Just add k out-of-range numbers to the array! This way, the first k missing positive numbers will for sure be within the range of the array and we won’t need the trick with the extra numbers.

Time and space complexities are the same.

Here’s the code:

def find_first_k_missing_positive(nums, k):
  nums += [-1]*k

  i = 0
  while i < len(nums):
    j = nums[i]-1
    if j >= 0 and j < len(nums) and nums[i] != nums[j]:
      nums[i], nums[j] = nums[j], nums[i]
    else:
      i += 1

  missingNumbers = []
  for i in range(len(nums)):
    if i != nums[i]-1:
      missingNumbers.append(i+1)
      if len(missingNumbers) == k:
        break
  return missingNumbers

Nice. Exactly the same idea as me.

I did the same thing, Stored any elements in the array that are > Len of array in a Set. And if we we need more missing elements, we just check for numbers from nums.length + 1 that are NOT in the set.

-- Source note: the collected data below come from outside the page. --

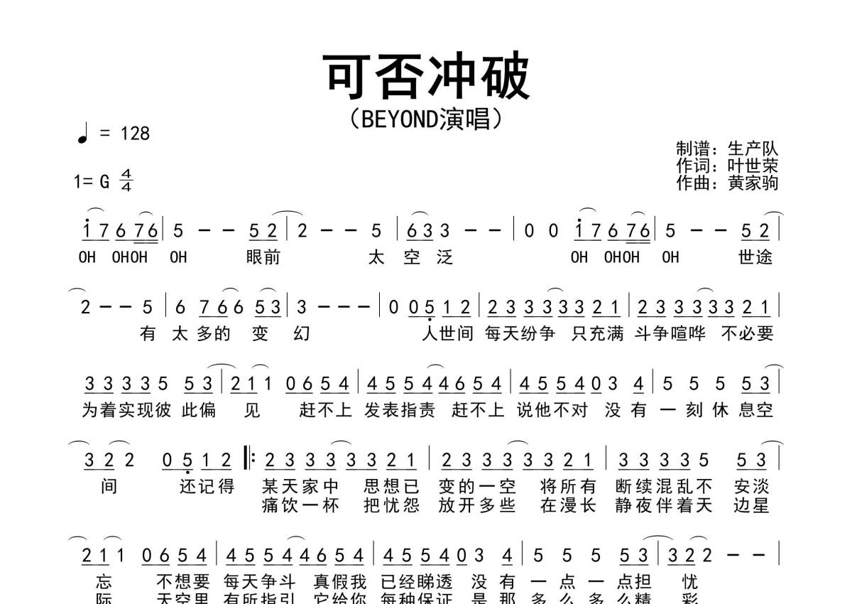 《可否冲破》是Beyond演唱的一首歌曲,拍号为4/4拍,歌曲速度为每分钟128拍,这份简谱共有一张高清图谱,图谱由 @生产队 编配上传Beyond演唱的歌曲《可否冲破》简谱。
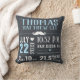 Personnalisez ce petit coussin chic de stat de naissance d'homme avec le DOB de votre bébé, poids, longueur, et d'autres détails de naissance facilement et pressent rapidement, simplement le customiser il bouton pour réarranger plus loin, composent le style et le placement du texte. Décor parfait de crèche. Fait l'idée unique et mémorable de cadeau pour de nouveaux parents. (c) Le STUDIO HEUREUX de CAT
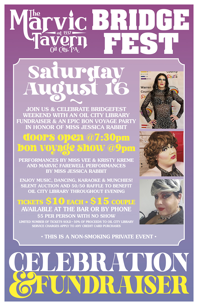 Bridgefest Celebration/ Bon Voyage Party and Fundraiser for Oil City Library. Festivities will include a silent auction, 50/50/raffle and donation jar to raise funds for the Oil City Library as well as entertainment from Miss V, Kristy Kreme, and Miss Jessica Rabbit’s final Oil City performances.
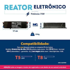 Reator eletrônico margirius para ligar uma lâmpada tubular ultravioleta uvc uva uvb germicida, actínica, grow, luz negra ou branca luz do dia comum fluorescente de 75wOs reatores eletrônicos da margirius são os mais indicados para as lâmpadas ultravioletas germicida, actínica, grow, luz negra ou para lâmpadas comuns de quatro pinos. São de fácil instalação e geram uma economia de 30% em comparação aos reatores eletromagnéticos.Características:Indústria nacional SeguroCompactoModelo ideal para ligar lâmpada ultravioleta germicidaReator eletrônico para acender uma lâmpadaPara lâmpada de 4 pinos fluorescentePartida instantânea30% mais econômico em relação aos modelos eletromagnéticosMaior eficiência e durabilidade para as lâmpadasNão é a prova dágua.Compatibilidade:Modelos de lâmpadas: t8 t10 t12 se plQuantidade de pinos na lâmpada: 4Potência da lâmpada: 75w 80w Tipos de lâmpadas:Comum e ultravioletas:Branca luz do diaUva actínica, mata mosca - bl Uvb grow - luz rosa Uvc ultravioleta c - germicida - gl Luz negra efeito neon - black light blue - blb .Especificações:Fabricante: margiriusModelo: pg - 1x75 uvVoltagem: pode ser ligado em 110v ou 220vDimensões: 17 x 3,8 x 4,5cm larg x alt x profundidadePeso: 294gCorrente: 0,70a 127v / 0,42a 220v Potência: 72w 127v / 68w 220v Temperatura máxima de trabalho: 75c.Observações e precauções:A instalação deve ser feita por um profissional especializadoInstalar o reator conforme o esquema de ligação gravado no corpo do produto;Isolar corretamente o fio não utilizadoTrocar a s lâmpada s somente com o reator desligadoNão instalar o reator em ambientes úmidos, sujeito a intempéries ou em locais em que a temperatura ambiente seja inferior a 10ºc ou superior a 45ºc;Não recomendamos aumentar o comprimento dos cabos da s lâmpada s por mais de 2 metros, bem como enrolá-los ou trançá-los entre si ou com outros cabos.Obrigado pela visita e boas comprasAtençãoNossas imagens e textos são registrados e com direito de uso autoral controlado e reservado a essa loja e as lojas parceiras devidamente autorizadas em contrato.
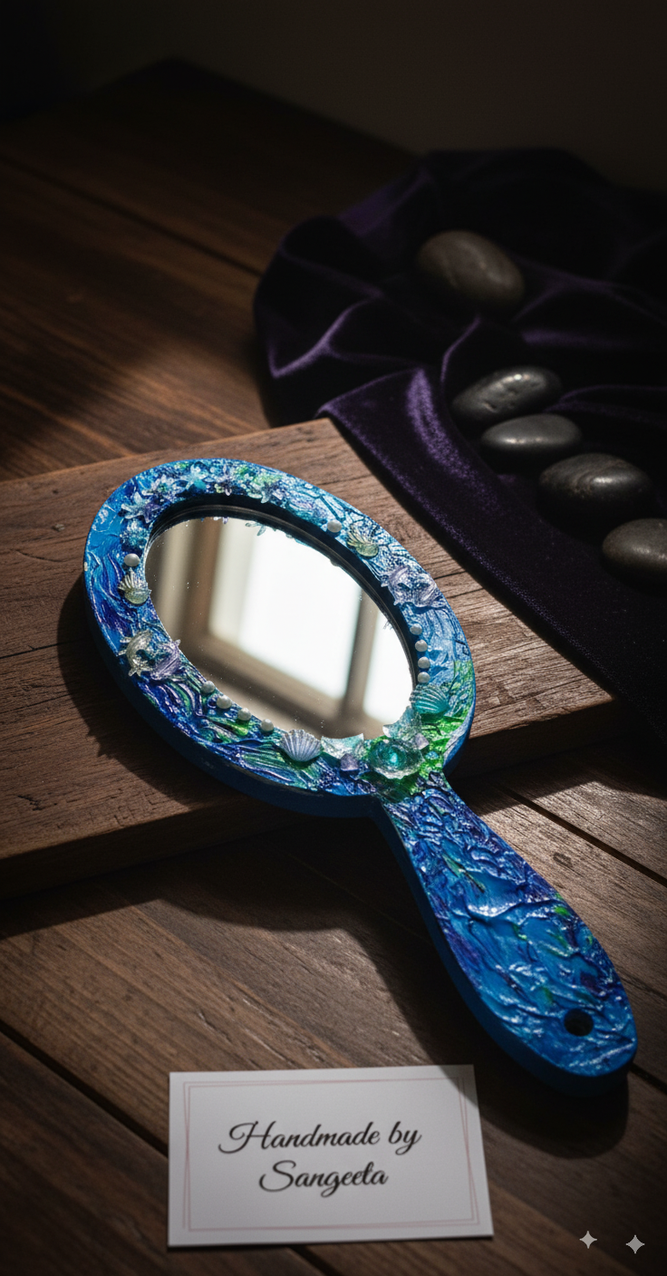 Immerse yourself in the magic of the sea with “The Siren’s Reflection,” a breathtaking handmade ocean mirror created with passion by artist Sangeeta. This isn’t just a mirror; it’s a functional piece of art designed to bring the calming and mystical energy of the coastline into your home.
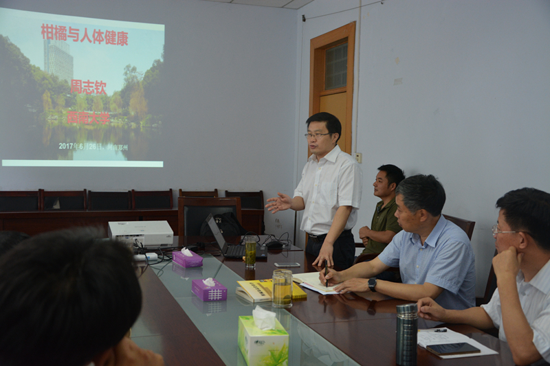 周志钦教授在一片掌声中开始以“柑桔和人体健康”为主题的学术报告。周教授多年来一直从事柑桔方面的研究,来到肉番
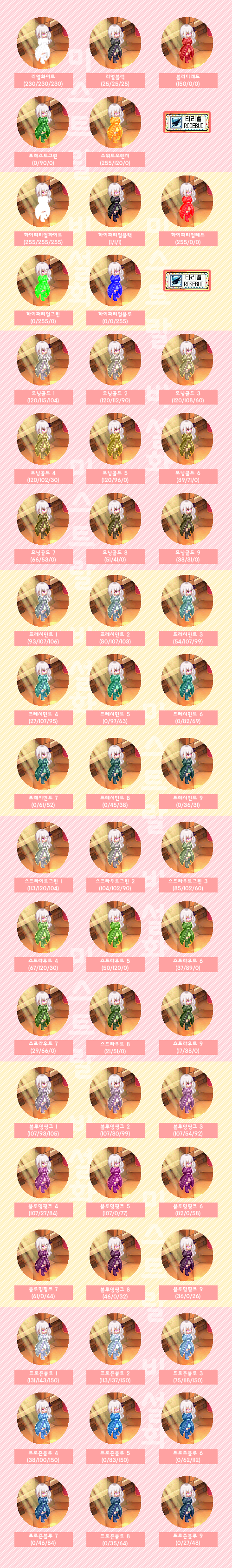 1. 코트장식1의 경우 (나머지 세 부위를 기본제복으로 두었을 때) 어플 염색약 순서 기준으로 구름솜부터 바이올렛 실버까지 아예 색을 확인 할 수가 없습니다.
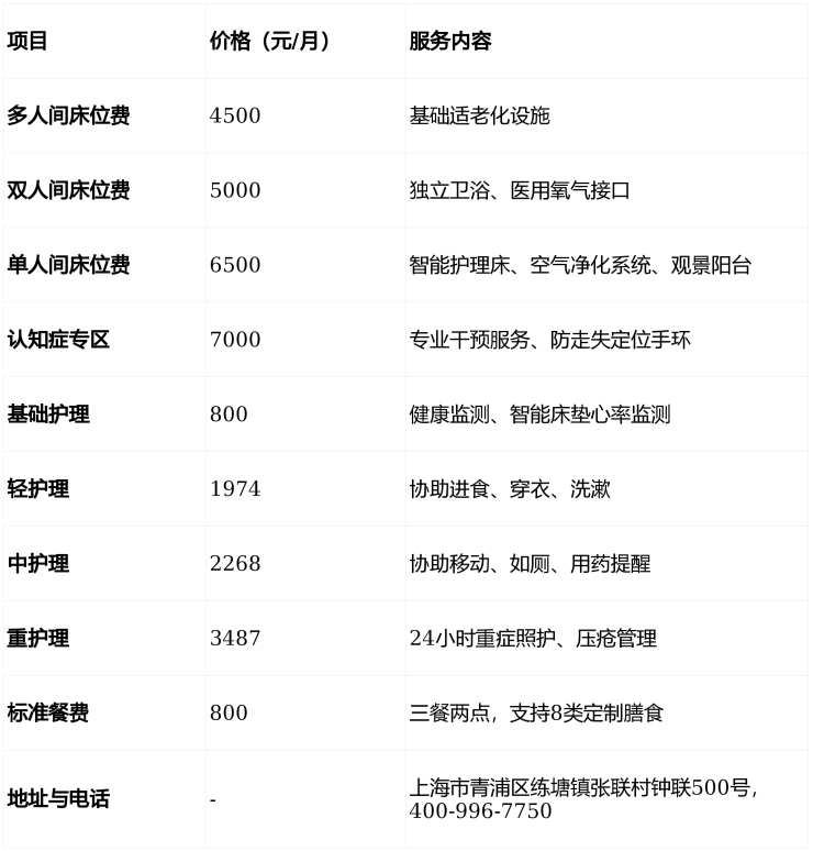 价格仅供参考,具体总费用需结合长者护理等级、房型及所选服务确定,建议拨打400-996-7750进行个性化评估。
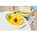 Talerz posiada boczne uchwyty, które są przydatne przy przenoszeniu, natomiast silikonowa podstawa sprawia, iż talerzyk pozostaje na swoim miejscu i nie przemieszcza się po stole.
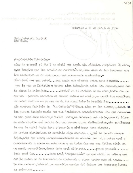 Vasconcelos de Berges, Tina - Manuscritos mexicanos - Correspondencia - Mistral, Gabriela
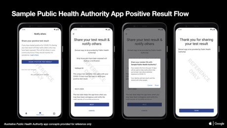 Les illustrations présentées ici par Google et Apple ne sont que des exemples de base. Les autorités pourront en effet changer certains éléments de l’interface en fonction de leur besoin. Les deux entreprises partagent à cet effet les outils de développement (SDK pour Android et Xcode pour iOS) pour que chaque pays puisse s’approprier cette infrastructure.
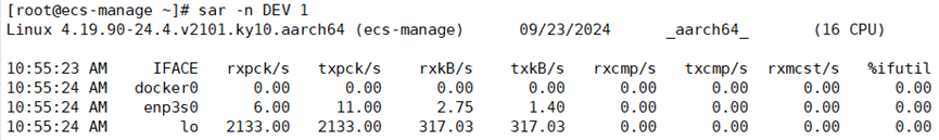 通过 sar -n DEV 1 命令,查看网络的传输情况。
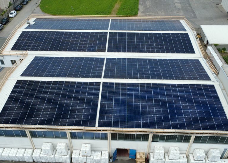 Un impianto fotovoltaico converte la luce solare in energia elettrica, utilizzando celle fotovoltaiche per generare corrente.

class FirstKMissingPositive {

  public static List<Integer> findNumbers(int[] nums, int k) {
    List<Integer> missingNumbers = new ArrayList<>();
    Set<Integer> greater = new HashSet<Integer>();
    for(int i = 0; i < nums.length; i++) {
      while(nums[i] > 0 && nums[i] <= nums.length && nums[i] != nums[nums[i] - 1]) {
        swap(nums, i, nums[i] - 1);
      }
      if(nums[i] > nums.length) {
        greater.add(nums[i]);
      }
    }

    for(int i = 0; i < nums.length && k > 0; i++) {
      if(nums[i] != i + 1) {
        missingNumbers.add(i + 1);
        k--;
      }
    }

    int start = nums.length + 1;
    while(k > 0) {
      if(!greater.contains(start)) {
        missingNumbers.add(start);
        k--;
      }
      start++;
    }

    return missingNumbers;
  }

  private static void swap(int[] nums, int left, int right) {
    int temp = nums[left];
    nums[left] = nums[right];
    nums[right] = temp;
  }
}

Did the exact same:

def find_first_k_missing_positive(nums, k):
  missingNumbers = []
  nums += [-1]*k
  i = 0
  while i < len(nums):
    index = nums[i] - 1
    if nums[i] <= len(nums) and nums[i] > 0 and nums[i] != nums[index] :
      nums[i], nums[index] = nums[index], nums[i]
    else:
      i += 1

  for j in range(len(nums)):
    if len(missingNumbers) == k:
      break
    if nums[j] != j + 1:
        missingNumbers.append(j+1)

  return missingNumbers